Exercise prompt - Copy nothing but the lines from the opening of the entries through the line that contains "John Wetten Elementary", exactly as written. Drop the pictures.
*** Entries supplied ***
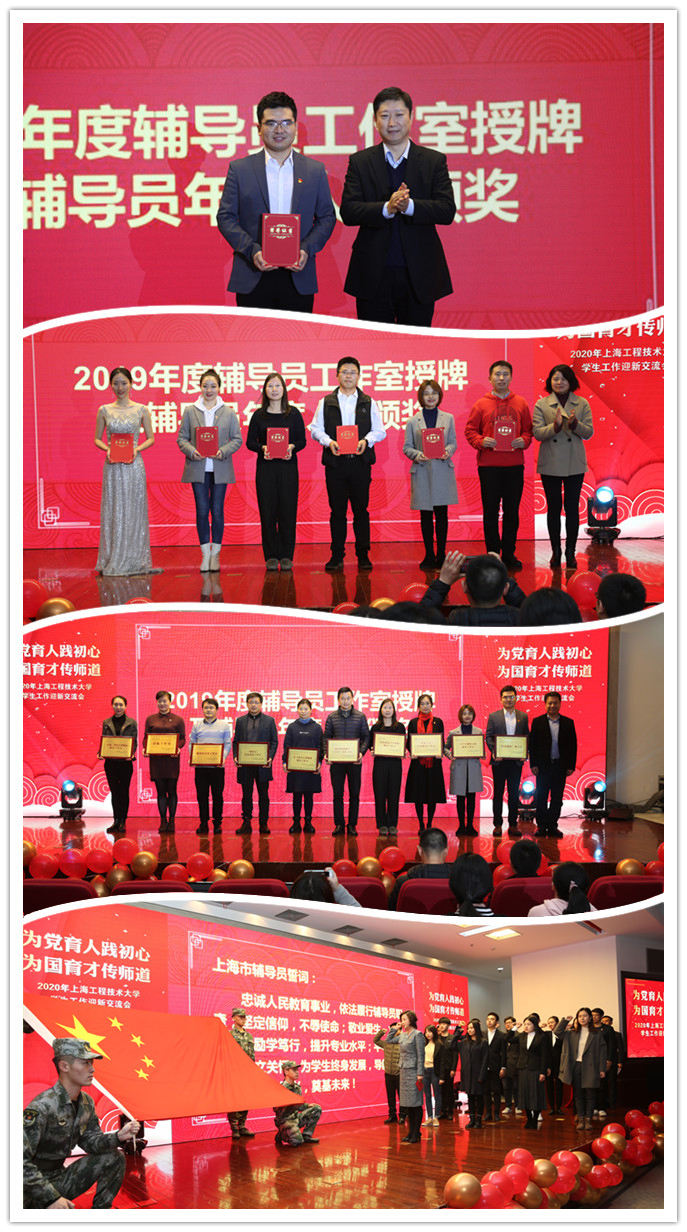 会上,校党委书记李江为2019上海高校辅导员年度人物获得者杨建豪颁发证书。校党委副书记、副校长朱晓青为荣获上海工程技术大学年度人物奖和提名奖的7位老师颁发证书。校党委常委、宣传部部长徐阳为2019年学校建立培育的10个辅导员工作室授牌。此外,由学生工作部(处)长、研究生工作部部长朱蓓老师带领2019年全体16名新入职辅导员老师进行了集体宣誓。
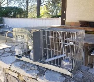 Cage rsl elevage 60x30 mm avec 2 grilles de sol tiroirs perchoirs et mangeoires Etat moyen Divisible en deux cages
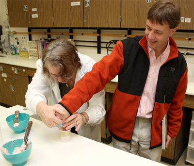 John Wetten Elementary School vice principal Kevin Anderson tries his hand at getting a mold of his thumb. Sealant Day is only one of several service opportunities available to the dental hygiene program students. Second-year students also provide assistance to clinics in the area, teach oral health education in schools and visit long-term care facilities.
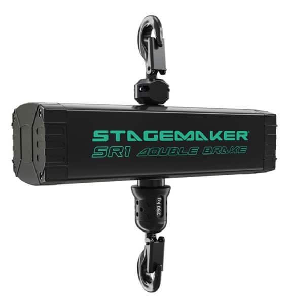 „Hier stellen die besonders kleinen Motoren eine gute und sehr sinnvolle Erweiterung unseres Materialbestands dar“, sagt Michael Terwint, Geschäftsführer BTL Veranstaltungstechnik. „Auch im Messebereich, unserem Hauptgeschäft, entspricht der SR1 exakt unseren Anforderungen. Durch das geringe Eigenwicht kann er vielseitig eingesetzt werden und wir können mehr Messeprojekte mit Motoren umsetzten. Damit erleichtert der SR1 unsere Arbeit und ist eine echte Alternative zu Genies oder Handkettenzügen.“ Um die Handhabung zu erleichtern werden Stagemaker SR1 Kettenzüge standardmäßig mit einem oberen und einem unteren drehbaren Haken ausgestattet. Durch Um hängen des Kettenspeichers ist ein schneller Wechsel zwischen Kletterzug- und Stationärbetrieb möglich. Darüber hinaus besitzt der SR1 das neue Kettenradsystem Perfect Push der Stagemaker-SR -Serie mit Zwischenzähnen für den Kettenantrieb sowie das Kettenführungssystem Chainflux MKII.
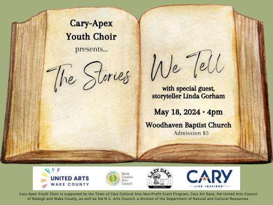 We invite you to join us at Cary-Apex Youth Choir’s Spring Concert! Weaving stories through song, from the Americas to Europe, Asia, and New Zealand, “The Stories We Tell” will take you on an unforgettable journey! This concert will showcase all of the CAYC ensembles and feature special guest storyteller, Linda Gorham. All ages are invited! You can purchase tickets ($5) on our website. www.CaryApexYouthChoir.org.
*** End of Entries supplied ***
Answer below -
 会上,校党委书记李江为2019上海高校辅导员年度人物获得者杨建豪颁发证书。校党委副书记、副校长朱晓青为荣获上海工程技术大学年度人物奖和提名奖的7位老师颁发证书。校党委常委、宣传部部长徐阳为2019年学校建立培育的10个辅导员工作室授牌。此外,由学生工作部(处)长、研究生工作部部长朱蓓老师带领2019年全体16名新入职辅导员老师进行了集体宣誓。
 Cage rsl elevage 60x30 mm avec 2 grilles de sol tiroirs perchoirs et mangeoires Etat moyen Divisible en deux cages
 John Wetten Elementary School vice principal Kevin Anderson tries his hand at getting a mold of his thumb. Sealant Day is only one of several service opportunities available to the dental hygiene program students. Second-year students also provide assistance to clinics in the area, teach oral health education in schools and visit long-term care facilities.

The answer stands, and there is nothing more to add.